* _REQUIREMENT_:
Copy the listing below letter for letter, passing over each picture.

* _MATERIAL PROVIDED_:
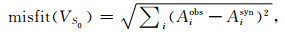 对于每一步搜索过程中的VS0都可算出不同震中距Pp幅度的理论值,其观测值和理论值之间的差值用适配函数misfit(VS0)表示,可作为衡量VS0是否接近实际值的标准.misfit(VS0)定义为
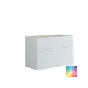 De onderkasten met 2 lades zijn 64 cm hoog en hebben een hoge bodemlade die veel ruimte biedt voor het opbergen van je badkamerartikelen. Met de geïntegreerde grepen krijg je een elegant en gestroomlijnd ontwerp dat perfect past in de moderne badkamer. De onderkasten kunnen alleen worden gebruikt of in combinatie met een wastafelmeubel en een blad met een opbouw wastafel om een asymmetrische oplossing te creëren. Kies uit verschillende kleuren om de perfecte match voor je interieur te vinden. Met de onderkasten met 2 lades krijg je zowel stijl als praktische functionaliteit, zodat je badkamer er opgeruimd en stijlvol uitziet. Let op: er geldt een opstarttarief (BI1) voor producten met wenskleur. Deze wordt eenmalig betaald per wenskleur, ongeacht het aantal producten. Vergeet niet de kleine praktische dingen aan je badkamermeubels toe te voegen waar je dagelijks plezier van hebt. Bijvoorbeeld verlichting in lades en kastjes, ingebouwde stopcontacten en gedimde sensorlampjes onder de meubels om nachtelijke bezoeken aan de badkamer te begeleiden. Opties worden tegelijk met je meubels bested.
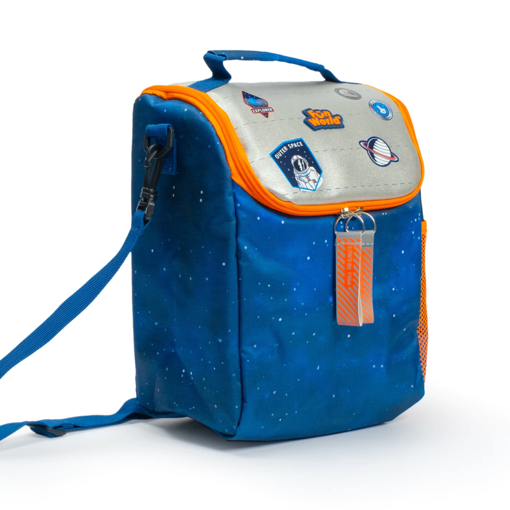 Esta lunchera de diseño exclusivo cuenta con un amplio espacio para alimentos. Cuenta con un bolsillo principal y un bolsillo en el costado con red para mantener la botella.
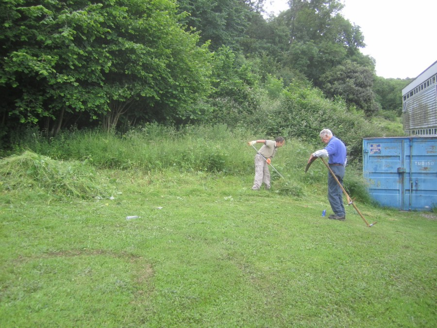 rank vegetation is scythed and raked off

* _TASK ANSWER_:
 对于每一步搜索过程中的VS0都可算出不同震中距Pp幅度的理论值,其观测值和理论值之间的差值用适配函数misfit(VS0)表示,可作为衡量VS0是否接近实际值的标准.misfit(VS0)定义为
 De onderkasten met 2 lades zijn 64 cm hoog en hebben een hoge bodemlade die veel ruimte biedt voor het opbergen van je badkamerartikelen. Met de geïntegreerde grepen krijg je een elegant en gestroomlijnd ontwerp dat perfect past in de moderne badkamer. De onderkasten kunnen alleen worden gebruikt of in combinatie met een wastafelmeubel en een blad met een opbouw wastafel om een asymmetrische oplossing te creëren. Kies uit verschillende kleuren om de perfecte match voor je interieur te vinden. Met de onderkasten met 2 lades krijg je zowel stijl als praktische functionaliteit, zodat je badkamer er opgeruimd en stijlvol uitziet. Let op: er geldt een opstarttarief (BI1) voor producten met wenskleur. Deze wordt eenmalig betaald per wenskleur, ongeacht het aantal producten. Vergeet niet de kleine praktische dingen aan je badkamermeubels toe te voegen waar je dagelijks plezier van hebt. Bijvoorbeeld verlichting in lades en kastjes, ingebouwde stopcontacten en gedimde sensorlampjes onder de meubels om nachtelijke bezoeken aan de badkamer te begeleiden. Opties worden tegelijk met je meubels bested.
 Esta lunchera de diseño exclusivo cuenta con un amplio espacio para alimentos. Cuenta con un bolsillo principal y un bolsillo en el costado con red para mantener la botella.
 rank vegetation is scythed and raked off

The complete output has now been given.